Records from a collection
BEGIN

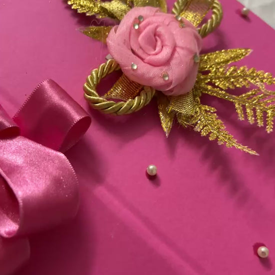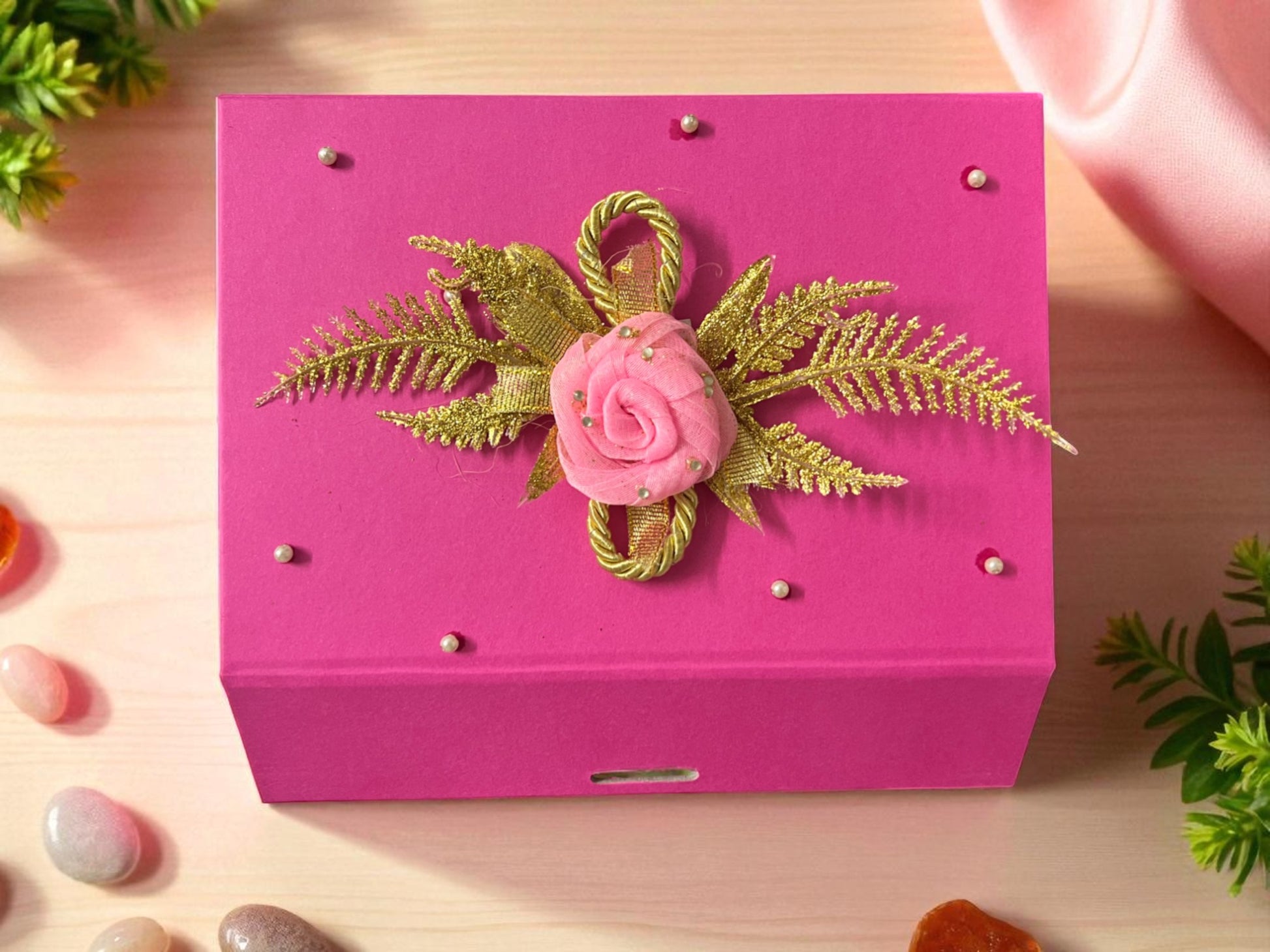 Housed in a vibrant fuchsia box with golden leaves, pearls, and a handcrafted pink rose, this hamper is perfect for birthdays, bridal favors, or thoughtful surprises.
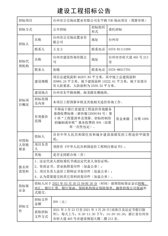 臺州市公交場站置業有限公司東平路TOD 場站項目(預算審核)招標公告
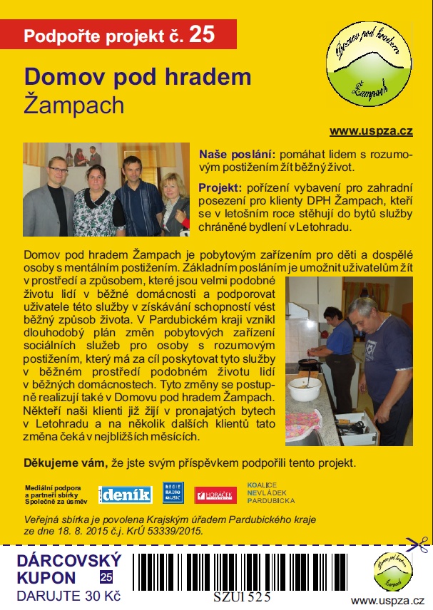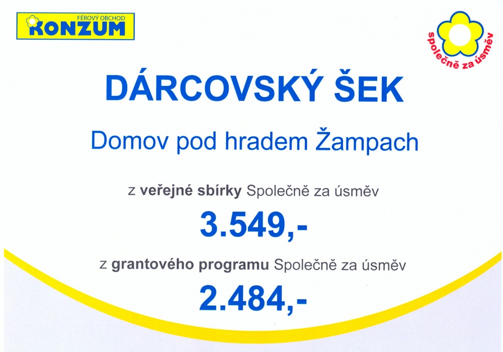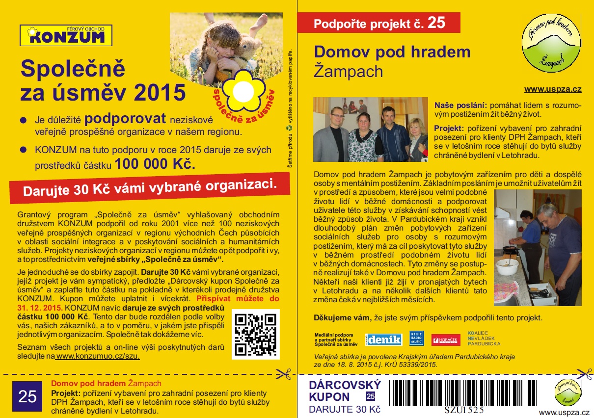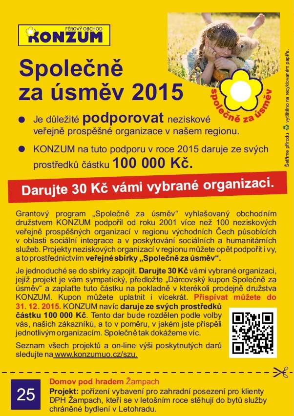 Veřejná sbírka společnosti KONZUM 2015 byla vyhlášena také pro Domov pod hradem Žampach. Děkujeme Vám za podporu našeho projektu č. 25. Finanční prostředky ze sbírky použijeme na zakoupení vybavení pro zahradní posezení pro klienty našeho domova, kteří se v letošním roce stěhují do bytů služby chráněné bydlení v Letohradu. Děkujeme za Vaši podporu ! Fotografie zakoupeného vybavení: Dárcovské kupony lze získat v obchodech KONZUM nebo přímo v domově na Žampachu. Kopony si lze také vytisknout z našeho odkazu - zde. Pokud se rozhodnete přispět, necháte si daný Dárcovský kupón v prodejnách skupiny COOP - Konzum načíst a zaplatíte ho jako každé jiné zboží (30,-Kč / kupon). Dárcovské kupony lze uplatnit u pokladen všech obchodů skupiny COOP: Konzum, Coop Diskont, Fortel, Konzum Market,... a to nejen v našem regionu. Prodejny skupiny COOP. Více podrobností o sbírce na stránkách vyhlašovatele sbírky zde: http://www.konzumuo.cz/spolecne-za-usmev/
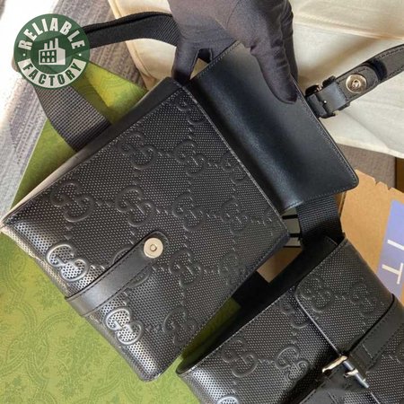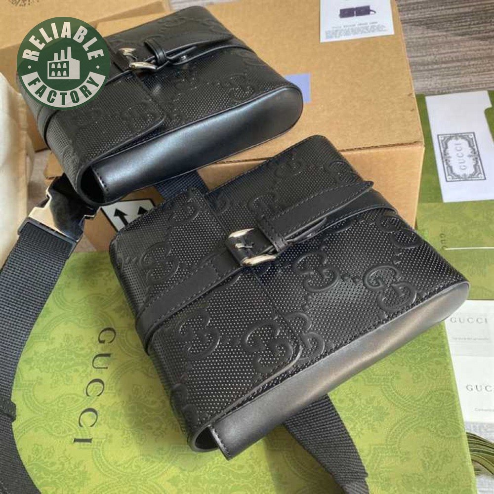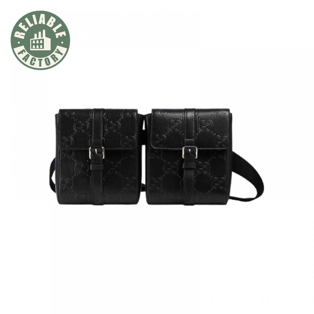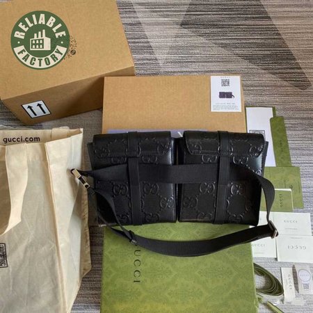 Gg Embossed Belt Bag Black Gg Embossed Leather Cotton Linen Lining GBB021
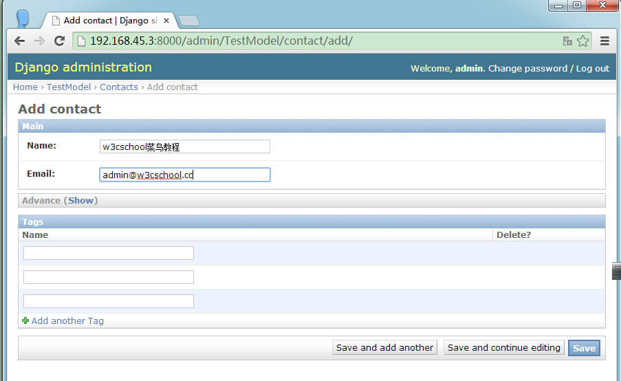 而在默认的页面显示中,将两者分离开来,无法体现出两者的从属关系。我们可以使用内联显示,让Tag附加在Contact的编辑页面上显示。
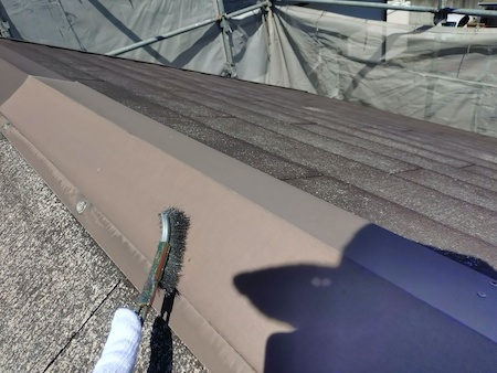 屋根板金のケレンです。錆や古い塗膜を削り落とし、塗料が密着しやすくなるよう様々な道具を用いて塗装面を整えます。
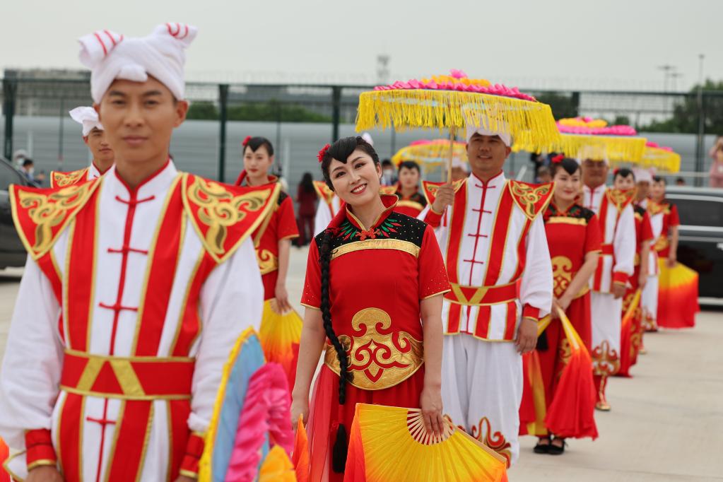 記者在西安咸陽國際機(jī)場看到,17日中午,由190人組成的表演團(tuán)隊已經(jīng)準(zhǔn)備就緒。當(dāng)?shù)孛癖妼⒁詿崆榈难?、歡快的秧歌等民間藝術(shù)表演,歡迎來自中亞國家的貴賓。
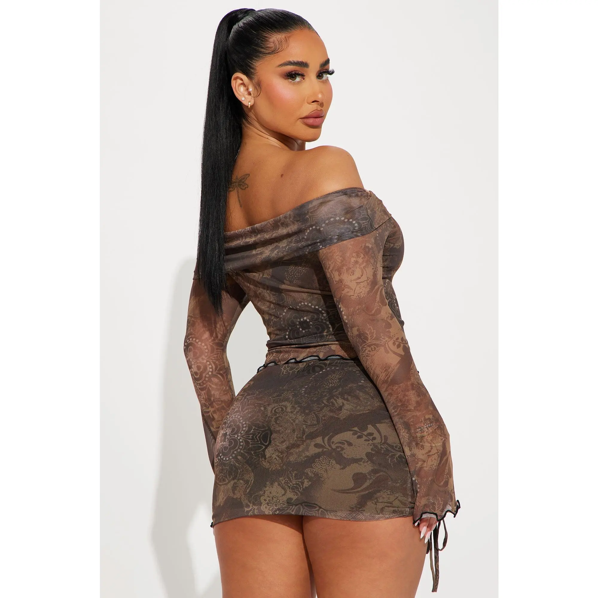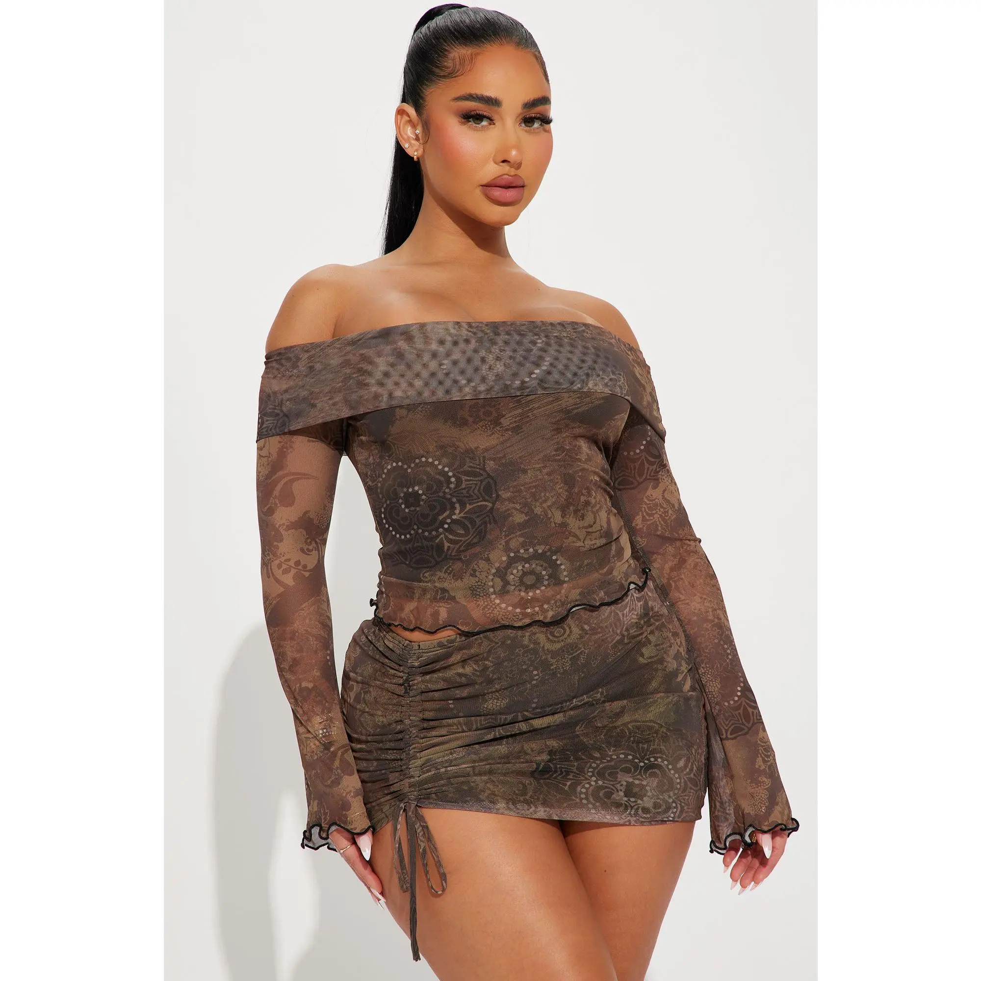 Fashionnova two piece skirt set - . Luna Mesh Skirt Set - Brown #tiktokshopcreatorpicks #TikTokShopFashion #twopieceset #fashionnova #cuteoutfits

END

> **What is needed**
In your copy, include every record word for word but no pictures.

> **Task output**
 Housed in a vibrant fuchsia box with golden leaves, pearls, and a handcrafted pink rose, this hamper is perfect for birthdays, bridal favors, or thoughtful surprises.
 臺州市公交場站置業有限公司東平路TOD 場站項目(預算審核)招標公告
 Veřejná sbírka společnosti KONZUM 2015 byla vyhlášena také pro Domov pod hradem Žampach. Děkujeme Vám za podporu našeho projektu č. 25. Finanční prostředky ze sbírky použijeme na zakoupení vybavení pro zahradní posezení pro klienty našeho domova, kteří se v letošním roce stěhují do bytů služby chráněné bydlení v Letohradu. Děkujeme za Vaši podporu ! Fotografie zakoupeného vybavení: Dárcovské kupony lze získat v obchodech KONZUM nebo přímo v domově na Žampachu. Kopony si lze také vytisknout z našeho odkazu - zde. Pokud se rozhodnete přispět, necháte si daný Dárcovský kupón v prodejnách skupiny COOP - Konzum načíst a zaplatíte ho jako každé jiné zboží (30,-Kč / kupon). Dárcovské kupony lze uplatnit u pokladen všech obchodů skupiny COOP: Konzum, Coop Diskont, Fortel, Konzum Market,... a to nejen v našem regionu. Prodejny skupiny COOP. Více podrobností o sbírce na stránkách vyhlašovatele sbírky zde: http://www.konzumuo.cz/spolecne-za-usmev/
 Gg Embossed Belt Bag Black Gg Embossed Leather Cotton Linen Lining GBB021
 而在默认的页面显示中,将两者分离开来,无法体现出两者的从属关系。我们可以使用内联显示,让Tag附加在Contact的编辑页面上显示。
 屋根板金のケレンです。錆や古い塗膜を削り落とし、塗料が密着しやすくなるよう様々な道具を用いて塗装面を整えます。
 記者在西安咸陽國際機(jī)場看到,17日中午,由190人組成的表演團(tuán)隊已經(jīng)準(zhǔn)備就緒。當(dāng)?shù)孛癖妼⒁詿崆榈难?、歡快的秧歌等民間藝術(shù)表演,歡迎來自中亞國家的貴賓。
 Fashionnova two piece skirt set - . Luna Mesh Skirt Set - Brown #tiktokshopcreatorpicks #TikTokShopFashion #twopieceset #fashionnova #cuteoutfits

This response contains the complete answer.